I had a college roommate who had to keep all toiletries and products lined up exactly so that the labels were facing straight forward, not a degree to the left or right, straight forward at all times. The bottles and products had to be placed equi-distant from each other, like all exactly 1.75 inches apart, not the shampoo 1.75 inches from the conditioner and then the conditioner 1.25 inches from the body wash!! Otherwise surely chaos and anarchy would ensue!
I will say she never tried to dictate how often I had to wash my sheets though…
Sounds like a potential Odd Couple remake. Both girls will have to compromise a little.
My D is messy. She does, at least, make her bed (in the sense of pulling up the comforter) and she is fairly meticulous about laundry.
I do think that roommates have the right to not have stuff on the floor, crumbs, litter, or dirty dishes. If there is a sink in the room it should be kept clean of hair and toothpaste gobs.
"had a college roommate who had to keep all toiletries and products lined up exactly so that the labels were facing straight forward, not a degree to the left or right, straight forward at all times. The bottles and products had to be placed equi-distant from each other, like all exactly 1.75 inches apart, "
That’s real OCD and it’s ridiculous on the basis of the info we have to suggest that the OP roommate has anything like this because she likes a neat bed.
It also occurs to me that you’ve got to be pretty darn sloppy for it to take only 3 days til your roommate “needs” to talk to you about it.
Disposable sheets! Maybe find a “deal” at $9.99 a set, buy 10 and that will do for a few months!
Ok, the “facing forward” thing cannot be aroommate’s problem! You are just asking for your RM to mess with them!
I’m not sure what my S is going to do. I hope the lesson of cleaning stays. But who knows? His mom is kind of a “nutty professor”, the wheels come off when domestic stuff is in the mix. My partner does all that. I am a genius at work. Dumb as a stone when I walk in my own front door. We’ll see!
My daughter was the one who would clean the real dirt in her suite. She can’t stand a dirty toilet or cruddy shower. But you could tell her side of the room in a quick glance. D’s floor was covered with clothing–and her roommates was perfectly arranged with the bed made.
However, her roommate and other suite mates would leave food and dirty plates all over the common room and kitchen. The filth was so bad that we literally moved out and left the microwave, toaster oven, and all the dishes, glasses, pots and pans that we had bought.
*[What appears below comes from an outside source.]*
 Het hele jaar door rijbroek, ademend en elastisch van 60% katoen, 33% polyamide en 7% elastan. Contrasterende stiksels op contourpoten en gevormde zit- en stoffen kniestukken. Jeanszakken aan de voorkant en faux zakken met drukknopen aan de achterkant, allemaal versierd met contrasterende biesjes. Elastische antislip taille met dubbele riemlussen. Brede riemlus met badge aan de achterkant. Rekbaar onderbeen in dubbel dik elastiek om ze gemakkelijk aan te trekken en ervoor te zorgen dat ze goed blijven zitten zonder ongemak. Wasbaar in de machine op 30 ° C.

D would clean the bathroom, but didn’t go near the kitchen at all.
D was the first to mov out, so we just ditched it all.
Ew. Poor kid.
PS: just to be clear, we are way off what @dustypig described, but still ew.
One of my kids had a roommate like this and it turned out to be a severe anxiety disorder for which she got help. It is a bit beyond your daughter’s role but I do think that going along with all of these demands, especially on a rigid timetable, is enabling the roommate and preventing her from getting help- if the impression I got is correct, which it might not be.
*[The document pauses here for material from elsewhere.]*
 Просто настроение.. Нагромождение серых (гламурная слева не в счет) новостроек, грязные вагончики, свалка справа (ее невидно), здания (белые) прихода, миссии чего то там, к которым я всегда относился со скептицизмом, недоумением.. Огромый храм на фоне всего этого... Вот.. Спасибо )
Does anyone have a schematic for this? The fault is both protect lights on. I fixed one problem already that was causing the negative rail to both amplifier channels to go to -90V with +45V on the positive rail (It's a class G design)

Read the OP. It says roommate asked for these things. It didn’t say roommate demanded them. The OP’s daughter appeared willing to compromise. It was the OP who added the “well, tough, roommate can deal” perspective.
S2 just texted and asked if he could wash his whites (socks and t-shirts) with his colored clothes. I texted back no, wash your sheets with them, that’s why I bought you white sheets. The thought of stripping the sheets and remaking the bed made him say he would do whites next week.
My daughter just moved into a place with a slumlord landlord. In back of the house is a 3 stall garage so I commented to her and her roommates that at least some of the cars will not be snow covered this winter. One of the guys she’s living with then lifted all the garage doors and it was a hoarders nightmare filled with junk to the top. She’s been there a week and hearing critters in the walls. Cleanliness and poison are going to be crucial to not having mice or rats scurry across the floor.
I think we are going to have to go back with clippers/chainsaw to clean up his overgrown backyard where they park. My husband says she won’t forget living in this place!
^ When DS first went to school I bought him color catchers because I knew for a fact he was NOT going to sort his clothes before washing.
I think the window cleaning is nuts. DS is now a Junior I have moved him from 2 different dorm rooms and 2 on campus apartments. We have never washed the windows before he moved. Dusting the window ledge yes but washing the windows? No they don’t get that dirty. Even in my house the inside of the windows are hardly ever washed. The outside yes but not the inside.